City's lucrative speed camera program dogged by problems

Tickets cost drivers millions of dollars, but questions surround the effectiveness – and the evidence

  • Early morning traffic passes the North bound speed camera on Caton Avenue. Traffic that comes off of Interstate 95 heading north on Caton Avenue is immediately faced with a speed camera.
Early morning traffic passes the North bound speed camera on… (Christopher T. Assaf, Baltimore…)
November 18, 2012|By Scott Calvert and Luke Broadwater | The Baltimore Sun

The tractor-trailer hit 70 mph as it passed the Poly-Western high school campus on Cold Spring Lane, barreling down a turn lane at twice the legal speed limit. Or so the $40 citation claimed. Just before Falls Road, a pole-mounted speed camera clocked the truck with radar and snapped some pictures. A ticket soon went out in the mail.

On paper it seemed like just the kind of blatant, dangerous school-zone speeding violation that the ubiquitous enforcement cameras are designed to catch and deter.

Except the truck wasn't going 70 mph that September morning — or even fast enough to get a ticket, The Baltimore Sun determined after examining the camera's time-stamped photos and measuring how far the vehicle traveled. Simple math proves the automated camera was off the mark.

The camera had been misfiring for months, in fact. And city officials knew it.

Going back to last winter, the truck's owner got three other tickets from the same camera, and in each case the camera's own photos show the citations were wrong. Other truck companies report similar complaints: Same camera, same issue.

According to records obtained and reviewed by The Sun, the city government and its speed camera contractor discussed problems with that camera as far back as February, yet the device continued churning out thousands of speeding tickets.

"To put it in simple terms, it's not fair," said Michael Weiss, chief financial officer of the Naron Mary Sue Candy Co., whose trucks have gotten four tickets that photo evidence shows were inaccurate. "Nobody likes to get a ticket for something they didn't do, whether it's jaywalking or spitting on the sidewalk or speeding."

Since 2009, automated cameras aimed at nabbing and fining speeders have proliferated across Maryland, pumping out more than 2.5 million tickets in and around Baltimore and yielding more than $70 million in fines paid by motorists.
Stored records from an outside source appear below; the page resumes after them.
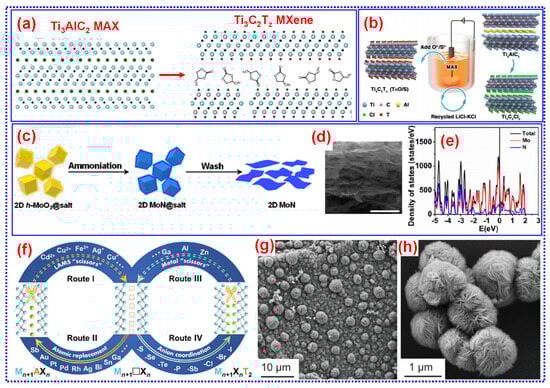 (a) Pictorial demonstration of water-free etching approach. Adapted from [], Copyright 2020, Elsevier B.V. (b) Preparation of MXene from the MAX phase by molten salt assisted electrochemical etching and the in situ modification of surface terminations. Adapted from [], Copyright 2021, Wiley-VCH. (c–e) Pictorial demonstration of preparation and DOS of 2D MoN. Adapted from [], Copyright 2017, American Chemical Society. (f) Pictorial representation of structural editing of MAX phases and MXenes using chemical scissor-mediated intercalation procedure. Adapted from [], Copyright 2023, The AAAS. SEM micrograph of (g) microspheres developing on carpets, and (h) individual microspheres. Adapted from [], Copyright 2023, The AAAS.
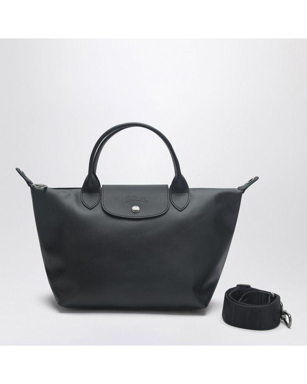 Black recycled polyamide bag featuring a zip and snap button flap closure, a removable and adjustable shoulder strap, an internal flat pocket with zip and tone-on-tone embossed logo on the front.SpecificationValueSeasonSS26Composition100% RECYCLED POLYAMIDE / LEATHER DETAILSColorBLACKColor Code001Made InTUNISIAISOTNDepartmentWomenSectionBAGSSubsectionHANDBAGSSize InformationONE SIZESize CodeOS
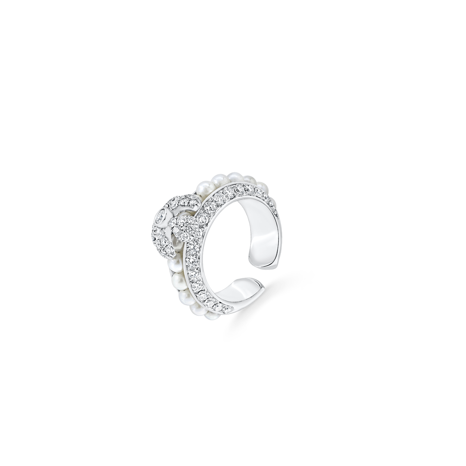 Pearl Rose Flower Single Row Ring with pearls and white diamonds set in 18ct white gold.

The state government and Baltimore and Howard counties all operate speed cameras in the area, but Baltimore City's program has expanded to become one of North America's largest, with 83 cameras and more than $19 million in annual revenue.
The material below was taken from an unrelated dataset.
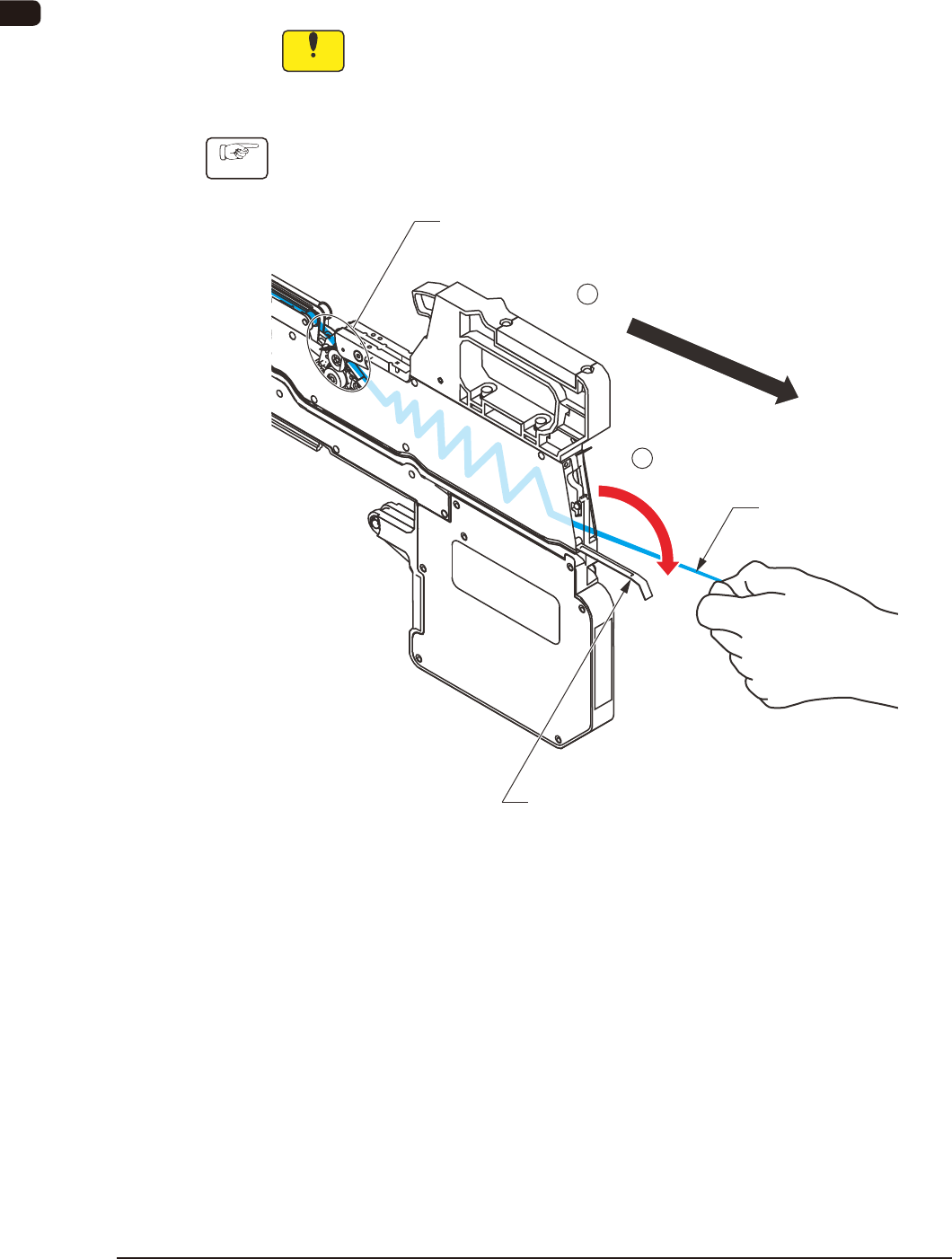 OM-1605 2-16 2. テープの取付けおよび取外し方法 2.4 カバーテープの取出し テープを交換する場合、またはスプライシング作業を行う場合は、その都 度、カバーテープ収納部内のカバーテープを取出してください。 注 意 カバーテープ収納部内のカバーテープが満杯になり、カバーテープ収納 部に押込められなくなると、巻込みギヤがロックし、動作不良や破損の 原因となります。 手順 (1) カバーテープ取出し蓋を開き、カバーテープ収納…

When the city announced recently that it took in $4 million more than expected from speed cameras last year, Mayor Stephanie Rawlings-Blake told drivers to simply obey the law if they don't like them. The tickets, she said, amount to a "minor inconvenience."

They can also be inaccurate and the process unfair, The Sun found in an investigation that focused on the city's program but which also analyzed automated speeding tickets issued around the region.

While the city reaps millions from motorists who believe their only practical option is to pay up, the evidence used to issue speed camera tickets is not nearly as unimpeachable as many drivers and lawmakers think, The Sun found. Even some city District Court judges criticize the program.

In addition, city officials have put cameras in locations that flout state guidelines calling for placement near schools, and while they deny any violations of the law, they recently shut down five of the devices after being challenged about their compliance. Together those five cameras have generated 110,000 tickets.

Far more lucrative than city officials envisioned, Baltimore's speed camera system also suffers from spotty government oversight and poor record-keeping — and the data is mixed on whether the cameras have indeed made roads safer and resulted in fewer injuries.

Among The Sun's findings:

  • Tickets routinely fail to hold up in court in the city because of glitches in the data, the government's inability to produce evidence, the failure by police to weed out bad citations or obvious instances of motorists being wrongly accused.
     
  • Nearly 6,000 tickets have been deemed erroneous by the city because cameras were programmed with the incorrect speed limit or location address, or the equipment malfunctioned, resulting in several hundred thousand dollars in refunds and forgiven fines.
     
  • Baltimore has grown increasingly reliant on a private contractor for speeding enforcement, and for months government officials could not say how many tickets had been issued on the city's behalf.
     
  • While vehicle owners are mailed pictures that purport to show them speeding by at least 12 mph, the citations don't mention that most cameras in the city also record video — and that those videos can exonerate drivers in court.
     
  • Traditional police-officer enforcement has dropped since cameras were installed, yet more than 170,000 vehicles on area roads have been ticketed by the cameras enough times that those drivers' licenses could have been suspended if the citations hadn't been issued by a machine.

There also is little question that speed cameras have caught many thousands of drivers who were exceeding the speed limit on Baltimore-area roads. City officials say the cameras have slowed drivers and made roads safer.